▸ Collected data:
━━━━━━━━━━━━━━━━
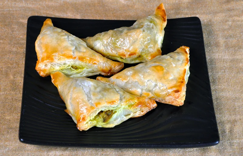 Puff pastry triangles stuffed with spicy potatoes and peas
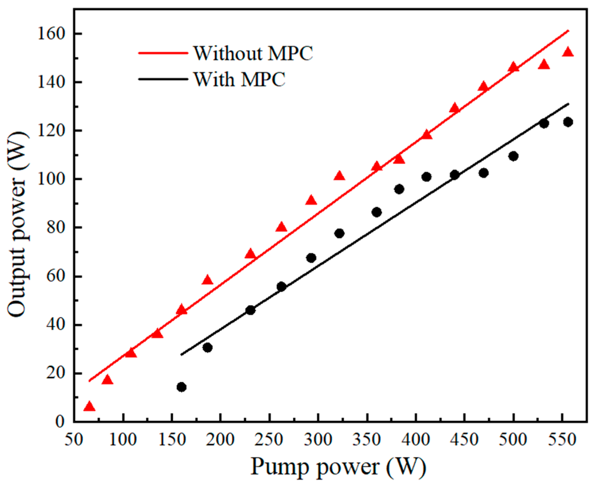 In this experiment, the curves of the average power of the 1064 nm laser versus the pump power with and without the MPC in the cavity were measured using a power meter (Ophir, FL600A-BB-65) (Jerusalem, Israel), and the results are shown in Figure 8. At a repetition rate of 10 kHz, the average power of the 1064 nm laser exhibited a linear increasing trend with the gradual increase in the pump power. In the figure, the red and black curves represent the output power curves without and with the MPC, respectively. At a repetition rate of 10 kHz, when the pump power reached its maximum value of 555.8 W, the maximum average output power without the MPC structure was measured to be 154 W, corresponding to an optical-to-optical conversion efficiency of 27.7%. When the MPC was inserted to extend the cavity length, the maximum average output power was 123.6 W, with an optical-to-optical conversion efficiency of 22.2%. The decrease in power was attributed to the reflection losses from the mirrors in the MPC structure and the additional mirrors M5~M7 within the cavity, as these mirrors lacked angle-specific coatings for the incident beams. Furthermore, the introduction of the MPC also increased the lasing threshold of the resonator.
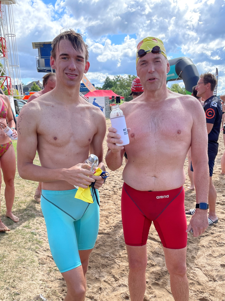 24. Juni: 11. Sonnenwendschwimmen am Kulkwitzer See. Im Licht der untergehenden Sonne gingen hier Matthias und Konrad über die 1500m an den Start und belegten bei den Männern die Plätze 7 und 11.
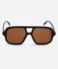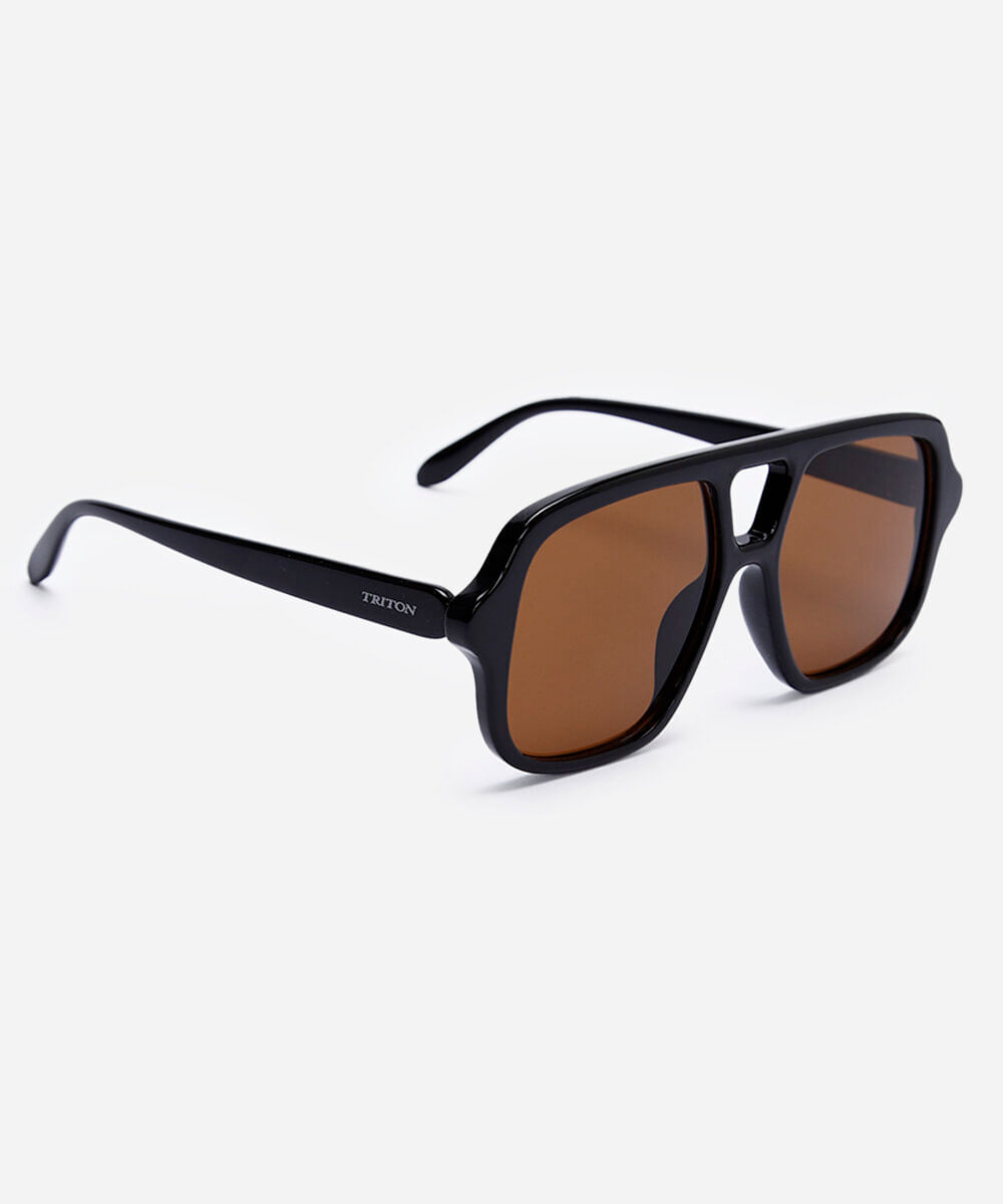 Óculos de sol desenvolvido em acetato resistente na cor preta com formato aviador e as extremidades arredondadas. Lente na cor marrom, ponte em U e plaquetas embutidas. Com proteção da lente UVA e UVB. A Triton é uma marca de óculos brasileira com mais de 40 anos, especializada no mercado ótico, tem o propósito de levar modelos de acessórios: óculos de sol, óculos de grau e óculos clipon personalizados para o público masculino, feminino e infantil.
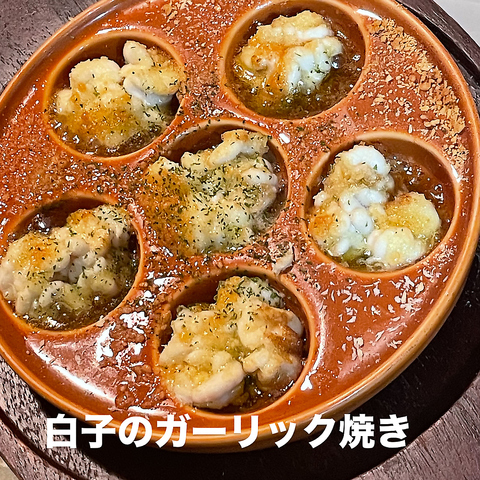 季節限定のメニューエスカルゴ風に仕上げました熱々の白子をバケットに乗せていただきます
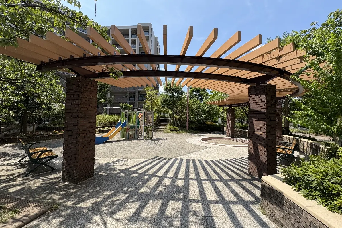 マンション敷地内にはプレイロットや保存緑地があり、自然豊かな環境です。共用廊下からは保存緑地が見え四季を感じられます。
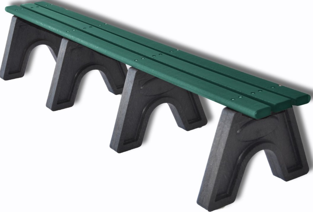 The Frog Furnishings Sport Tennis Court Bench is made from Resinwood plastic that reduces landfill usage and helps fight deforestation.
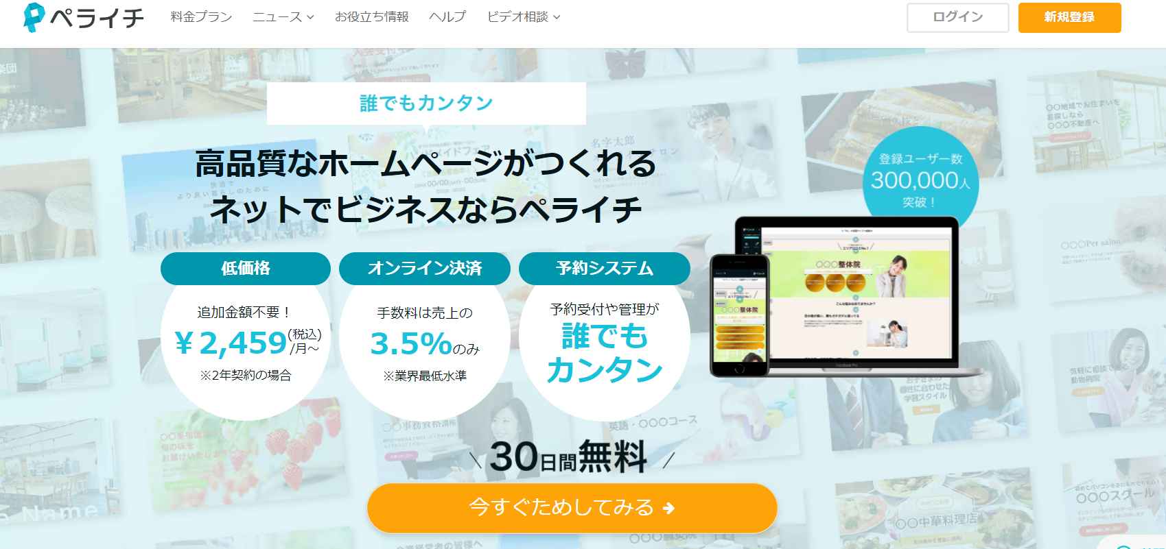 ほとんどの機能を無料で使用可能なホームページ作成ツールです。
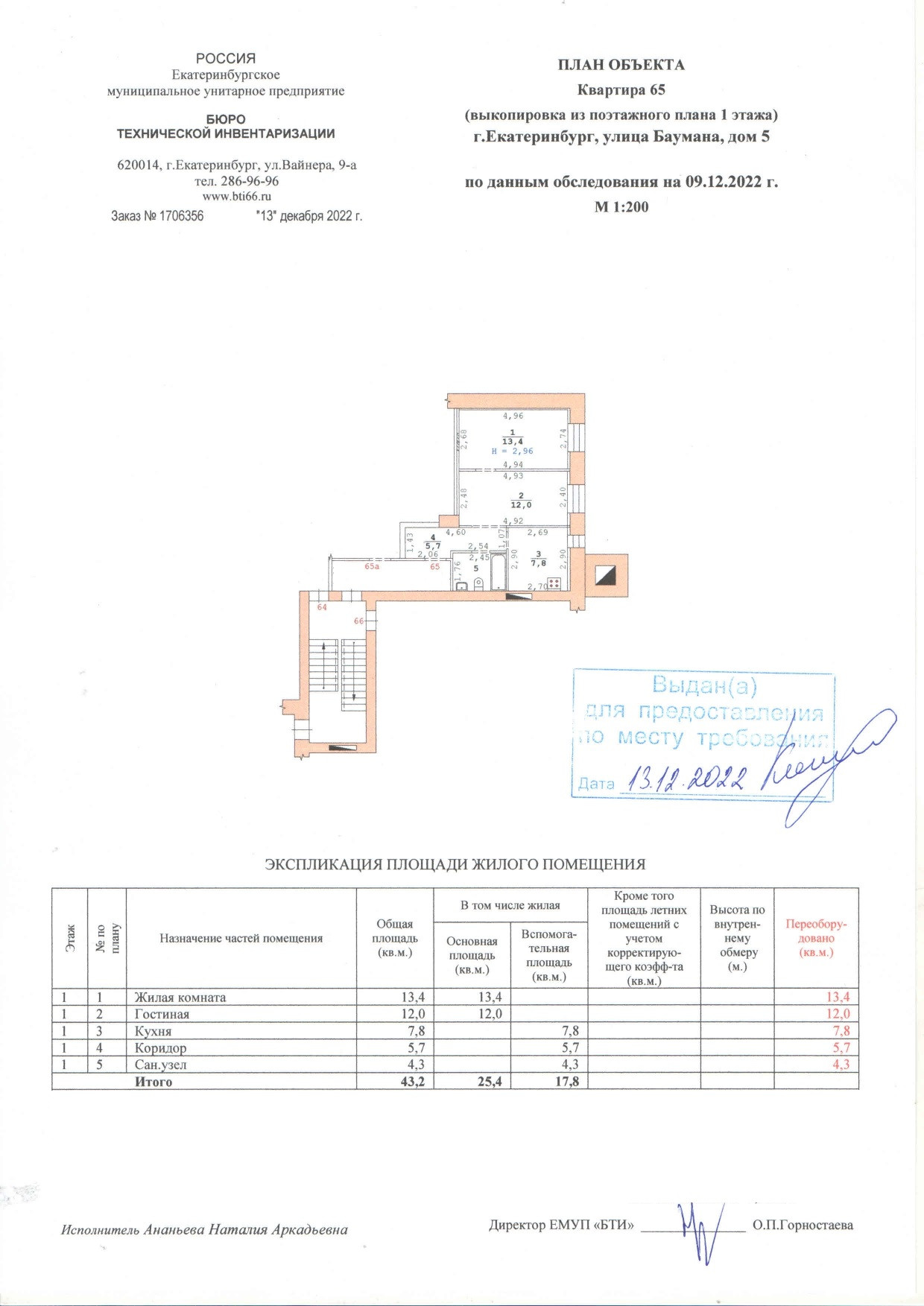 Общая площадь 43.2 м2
━━━━━━━━━━━━━━━━
▸ Problem requirements:
Retype exactly, please, the span from the line holding "24. Juni: 11." through the closing line of the data, both ends included, without the pictures.

▸ Reply to the exercise:
 24. Juni: 11. Sonnenwendschwimmen am Kulkwitzer See. Im Licht der untergehenden Sonne gingen hier Matthias und Konrad über die 1500m an den Start und belegten bei den Männern die Plätze 7 und 11.
 Óculos de sol desenvolvido em acetato resistente na cor preta com formato aviador e as extremidades arredondadas. Lente na cor marrom, ponte em U e plaquetas embutidas. Com proteção da lente UVA e UVB. A Triton é uma marca de óculos brasileira com mais de 40 anos, especializada no mercado ótico, tem o propósito de levar modelos de acessórios: óculos de sol, óculos de grau e óculos clipon personalizados para o público masculino, feminino e infantil.
 季節限定のメニューエスカルゴ風に仕上げました熱々の白子をバケットに乗せていただきます
 マンション敷地内にはプレイロットや保存緑地があり、自然豊かな環境です。共用廊下からは保存緑地が見え四季を感じられます。
 The Frog Furnishings Sport Tennis Court Bench is made from Resinwood plastic that reduces landfill usage and helps fight deforestation.
 ほとんどの機能を無料で使用可能なホームページ作成ツールです。
 Общая площадь 43.2 м2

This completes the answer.